– Послушай, подружка, тебе не удастся меня оставить. Я вырежу твое сердечко. В тебя воткнут, но только не то, на что ты надеешься, а перо, а я останусь в этом южном дерьме. Я теперь сижу в белом дерьме, – сказал он, поглядев на меня, и глаза его были бесцветны, как тюремная стена, – я купаюсь в этой плоти, – продолжал он, – жопа ты жопа, я приберегал ее для себя, все это белое дерьмецо, но она не белая, вовсе не белая, моя девка уже не белая, в ней теперь моя черная штука. Да, сэр, благодарю покорно, вы так щедры. Послушай, приятель, я заставил ее сделать аборт, потому что малыш был бы черный – черный, как я, и поэтому я теперь белый.
– Ты черножопый эгоист, – сказала Шерри. – Ты не белый, ты просто перестал быть черным. Вот почему ты по-прежнему черномазый, а мне вставил белый. Потому что я никогда не оглядываюсь. Когда дело сделано, оно сделано. Кончено.
Должно быть, какая-то доза марихуаны, носившаяся в воздухе, тронула и ее ноздри, потому что она говорила сильным злобным голосом, мужским голосом владельца мельницы или политикана из маленького южного городка – голосом своего брата, понял я.
– Думаешь, мы выстроили нашу белую дерьмовую цивилизацию на всепрощении? Вот уж нет! Все кончено, Шаго. Вали отсюда.
– Человече, – ответил он, – собери своих бесов, и пускай они вселятся в нас. Из твоего заднего прохода.
– Успокойся, парень, – сказала Шерри, – где твое хваленое спокойствие?
Ее лицо порозовело, глаза сияли, она выглядела лет на восемнадцать – юная, дерзкая и прекрасная. Они стояли, уставившись друг на друга.

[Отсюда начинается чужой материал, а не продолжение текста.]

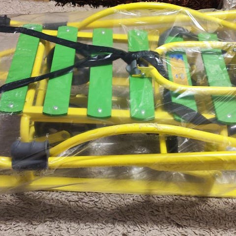 Kelkassa on hyvin luistavat metalliset jalakset, joten kelkkaa on kevyt vetää perässä.

– Спокуха! Я могу успокоить этого твоего профессора так, что он двадцать лет здесь не объявится. Послушай-ка, ты, – обратился он ко мне, – я ведь могу привести сюда свою армию. Могу тебе зубочистки под ногти загнать, понял? Я ведь на этой территории князь, понял? Но я пришел один. Потому что знаю эту сучку. Я знаю эту запродавшуюся мафии сучку, она ложилась под уголовников, под негров, под важных шишек, теперь она подцепила тебя, профессор, чтобы отсюда выбраться, ей надо кого-нибудь глупого и надежного, чтобы пальчики на ногах ей грел. Ты ведь небось уже целовал их, засранец? – И с этими словами он шагнул ко мне, уперся рукой мне в грудь и презрительно толкнул. – Сматывай отсюда, хер собачий! – И отвернулся, оставив запах марихуаны у меня на одежде. Давление у меня в затылке прошло само собой, мозг налился кровью, свет вдруг стал красным. Я схватил его сзади, обхватил руками за талию, поднял и швырнул наземь с такой силой, что его ноги зацепились за мои, и мы приземлились на пол, я стоял на коленях у него за спиной, сжимая его грудь и выдавливая воздух у него из легких, потом поднял его и грохнул оземь, еще раз поднял и еще раз грохнул. «Отпусти меня только, и я убью тебя, сука», – орал он, и был момент, когда я чуть было так не поступил. Я мог отпустить его, дать ему встать, и мы схватились бы лицом к лицу, но нечто в его голосе напугало меня – что-то вроде сирены, возвещающей о конце света, которую можно расслышать в детском плаче. Моя ярость взяла верх. Я поднимал его и грохал оземь уж не помню сколько раз: десять, пятнадцать, а может, и двадцать, я совершенно не контролировал себя, насилие, казалось, вырывалось из него каждый раз, когда я прижимал его к полу, и влетало в меня, я колотил его об пол, и это ужасом отдавалось у него в голове, я никогда и не подозревал, что могу быть таким сильным – сила радуется себе самой, – и вот он обмяк, и я отпустил его, отпустил, и он повалился на спину, стукнувшись затылком об пол, и звук, был такой, словно с ветки упало яблоко.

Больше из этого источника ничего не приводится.